I went for cupcakes and sangria with friends yesterday. I posted pictures on Instagram.
An office mate and I joked about an odd product called “Half and Half Skim Plus” in the fridge. Picture snapped and posted on Facebook.
I endured a round of “Happy Birthday” and posted a quip about it on Twitter.
If I didn’t share these things on social media, would they still have happened? (I posed this question at work yesterday and the copy editor joked back, “No, that means I didn’t eat half a chocolate cake last night”). Would my life have been less complete, if my followers didn’t get to see a picture of the latte design the barista at Blue Bottle crafted?
I’ve never shunned social media. I had a MySpace page that was upgraded to Facebook. My fingerprint includes Twitter, Instagram, LinkedIn, Pinterest, G+, a YouTube channel and a blog. I’ve taken classes and now have a fancy-sounding certificate from NYU declaring me a digital publishing expert. I prefer “social media strategist.”
Yes, it’s true that we all put our best stuff out there. But research backs that up. No one wants to read depressing tweets. Wouldn’t you unfollow someone if her feed looked like this?
5:50 a.m. Cat wailing woke me up.
7:45 a.m. All alone at the office on my birthday
9:30 a.m. It’s raining. Booo!
12:30 p.m. Boss reamed me for my morning choices, then wished me a happy birthday
4:10 p.m. Walking around the West Village when my umbrella broke
5:30 p.m. I WANT MY CUPCAKE!
9:00 p.m. Birthday burrito will soak up all that sangria I drank, right?

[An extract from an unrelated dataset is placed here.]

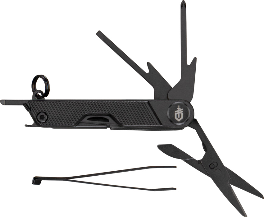 4.25″ overall. Black aluminum handles. Tools include: Small blade l Flat head screwdriver l Phillips screwdriver l Scissors l Tweezers l Bottle opener.

10:30 p.m. Cat is wailing. What’s wrong with him?
Of course you would! No social media strategist would write that because it would annoy everyone. Nope, strategy dictates we post funny photos and relatable quips.
So I joke about it a lot. What’s the point of hiking if I can’t brag about it to my Facebook friends? Isn’t a funny New York moment best when shared with friends in Seattle and Minneapolis?
My next goals are to master Vine and Tumblr, so get excited or stop following me.
I’m a journalist, content strategist, doting auntie, amateur bobsledder, fitness enthusiast, and wannabe health nut (who loves chocolate and pizza too much to fully commit). I don't want you to think my life is perfect. It's not.